Search the records for the string "Şeria". Copy each line where it occurs.
(DATA FOR THE TASK)
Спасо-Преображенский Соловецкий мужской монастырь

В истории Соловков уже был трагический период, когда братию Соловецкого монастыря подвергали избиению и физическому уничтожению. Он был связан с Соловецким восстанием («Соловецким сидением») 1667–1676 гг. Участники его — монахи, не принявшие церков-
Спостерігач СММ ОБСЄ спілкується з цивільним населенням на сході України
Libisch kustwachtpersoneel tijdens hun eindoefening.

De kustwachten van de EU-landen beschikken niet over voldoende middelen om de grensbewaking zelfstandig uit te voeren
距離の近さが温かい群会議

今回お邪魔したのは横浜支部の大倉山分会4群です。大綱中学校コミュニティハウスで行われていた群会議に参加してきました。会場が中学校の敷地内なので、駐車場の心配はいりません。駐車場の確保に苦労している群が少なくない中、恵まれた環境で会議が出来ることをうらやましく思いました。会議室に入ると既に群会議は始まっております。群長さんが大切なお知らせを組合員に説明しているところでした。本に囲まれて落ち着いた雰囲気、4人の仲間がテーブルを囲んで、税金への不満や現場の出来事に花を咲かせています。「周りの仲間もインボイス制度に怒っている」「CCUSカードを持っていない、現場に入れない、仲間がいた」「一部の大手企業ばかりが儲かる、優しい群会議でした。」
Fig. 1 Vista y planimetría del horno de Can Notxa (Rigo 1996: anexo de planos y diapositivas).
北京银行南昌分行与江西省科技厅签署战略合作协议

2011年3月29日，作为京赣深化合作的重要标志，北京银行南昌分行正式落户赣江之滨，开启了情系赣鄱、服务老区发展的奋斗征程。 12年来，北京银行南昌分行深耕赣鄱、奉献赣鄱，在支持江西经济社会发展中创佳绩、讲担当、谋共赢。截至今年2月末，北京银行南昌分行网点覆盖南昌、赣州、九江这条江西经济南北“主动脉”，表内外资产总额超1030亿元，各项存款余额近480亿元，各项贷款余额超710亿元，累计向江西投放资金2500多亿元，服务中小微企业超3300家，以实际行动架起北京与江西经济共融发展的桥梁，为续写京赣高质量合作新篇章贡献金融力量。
(End DATA FOR THE TASK)
(DATA FOR THE TASK)
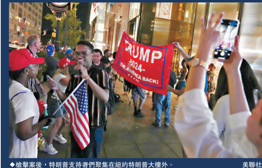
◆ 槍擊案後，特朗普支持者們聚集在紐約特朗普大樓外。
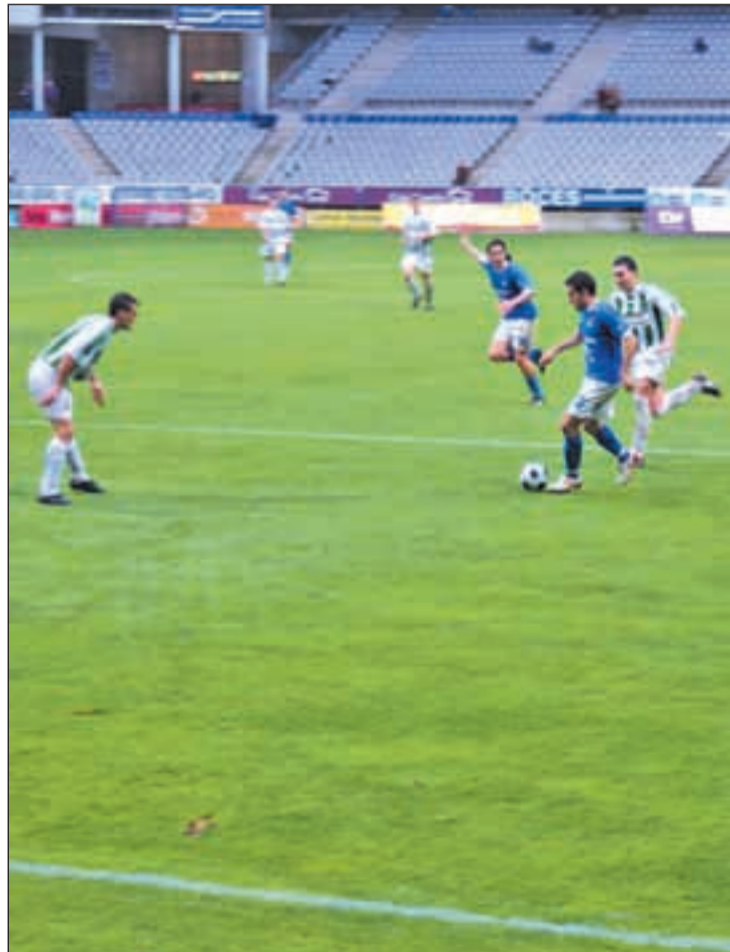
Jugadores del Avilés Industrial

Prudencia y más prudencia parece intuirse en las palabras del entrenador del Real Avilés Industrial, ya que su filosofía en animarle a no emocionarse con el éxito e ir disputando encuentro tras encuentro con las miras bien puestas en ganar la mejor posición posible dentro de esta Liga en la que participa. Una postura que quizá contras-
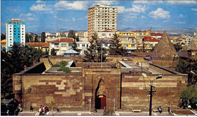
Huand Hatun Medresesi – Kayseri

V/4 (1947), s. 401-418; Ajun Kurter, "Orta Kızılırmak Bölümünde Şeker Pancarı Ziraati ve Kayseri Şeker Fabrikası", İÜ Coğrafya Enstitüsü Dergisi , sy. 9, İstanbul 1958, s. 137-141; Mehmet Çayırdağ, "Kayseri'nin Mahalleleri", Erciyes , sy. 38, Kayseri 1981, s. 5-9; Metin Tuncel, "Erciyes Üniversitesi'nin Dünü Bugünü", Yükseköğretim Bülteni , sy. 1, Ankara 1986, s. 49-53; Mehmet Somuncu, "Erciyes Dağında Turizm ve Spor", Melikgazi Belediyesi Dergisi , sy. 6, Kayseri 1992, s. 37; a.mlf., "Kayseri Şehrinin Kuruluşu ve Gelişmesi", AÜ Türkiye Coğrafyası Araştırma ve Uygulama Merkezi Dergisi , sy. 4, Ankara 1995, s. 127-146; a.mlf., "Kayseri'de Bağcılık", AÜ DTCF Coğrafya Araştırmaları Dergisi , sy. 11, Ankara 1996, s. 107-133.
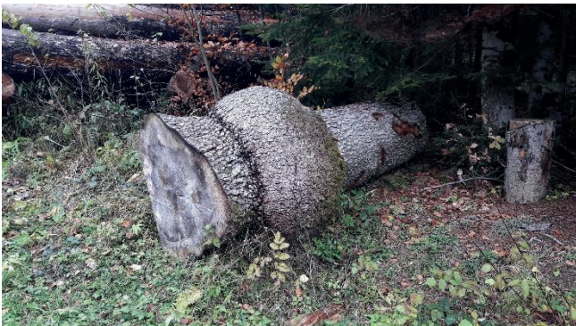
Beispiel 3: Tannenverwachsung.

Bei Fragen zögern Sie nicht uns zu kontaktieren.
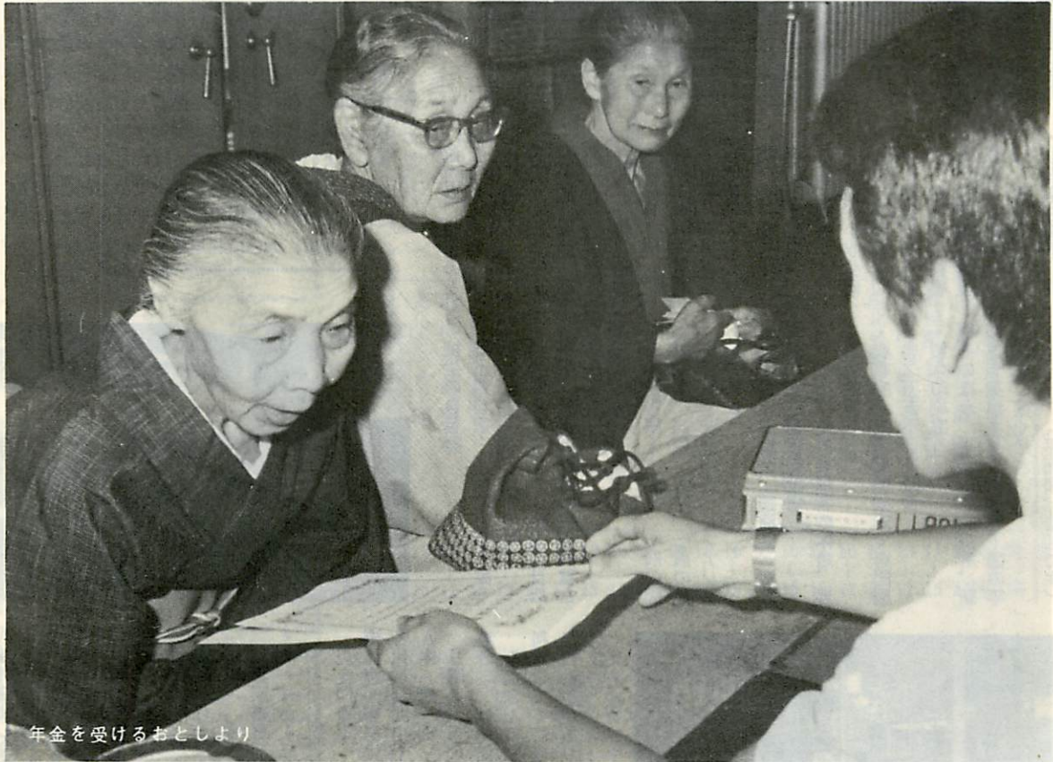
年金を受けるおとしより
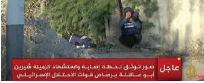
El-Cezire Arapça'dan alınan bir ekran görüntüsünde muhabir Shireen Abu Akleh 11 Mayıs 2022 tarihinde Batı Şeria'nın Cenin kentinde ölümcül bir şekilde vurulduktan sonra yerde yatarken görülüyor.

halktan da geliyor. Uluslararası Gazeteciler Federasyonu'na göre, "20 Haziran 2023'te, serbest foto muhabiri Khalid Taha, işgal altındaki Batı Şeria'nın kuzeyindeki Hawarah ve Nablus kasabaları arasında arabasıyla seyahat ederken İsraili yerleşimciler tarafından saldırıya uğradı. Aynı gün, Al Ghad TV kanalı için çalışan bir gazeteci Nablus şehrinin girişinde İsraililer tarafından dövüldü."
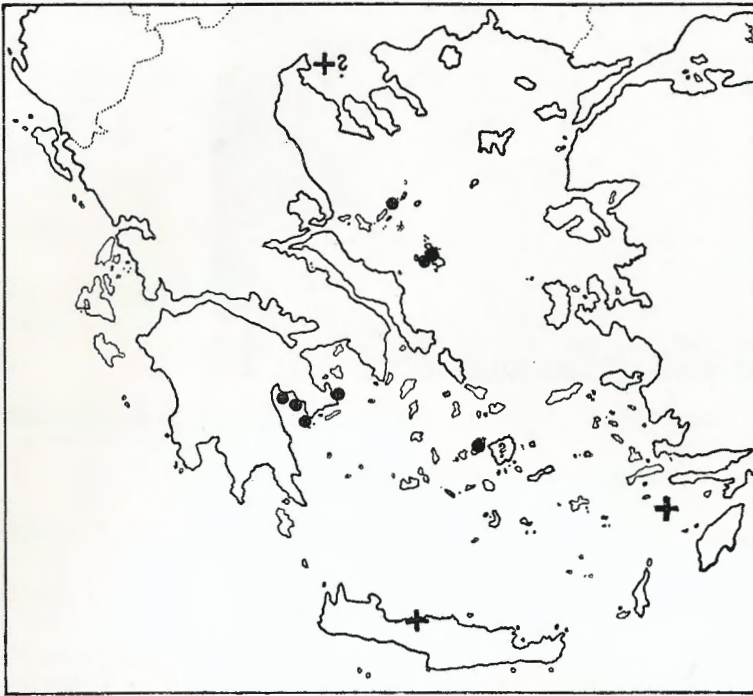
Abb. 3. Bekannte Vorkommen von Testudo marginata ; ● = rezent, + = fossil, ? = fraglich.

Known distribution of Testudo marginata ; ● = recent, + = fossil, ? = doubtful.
(End DATA FOR THE TASK)
=== FINISHED EXERCISE ===
El-Cezire Arapça'dan alınan bir ekran görüntüsünde muhabir Shireen Abu Akleh 11 Mayıs 2022 tarihinde Batı Şeria'nın Cenin kentinde ölümcül bir şekilde vurulduktan sonra yerde yatarken görülüyor.
halktan da geliyor. Uluslararası Gazeteciler Federasyonu'na göre, "20 Haziran 2023'te, serbest foto muhabiri Khalid Taha, işgal altındaki Batı Şeria'nın kuzeyindeki Hawarah ve Nablus kasabaları arasında arabasıyla seyahat ederken İsraili yerleşimciler tarafından saldırıya uğradı. Aynı gün, Al Ghad TV kanalı için çalışan bir gazeteci Nablus şehrinin girişinde İsraililer tarafından dövüldü."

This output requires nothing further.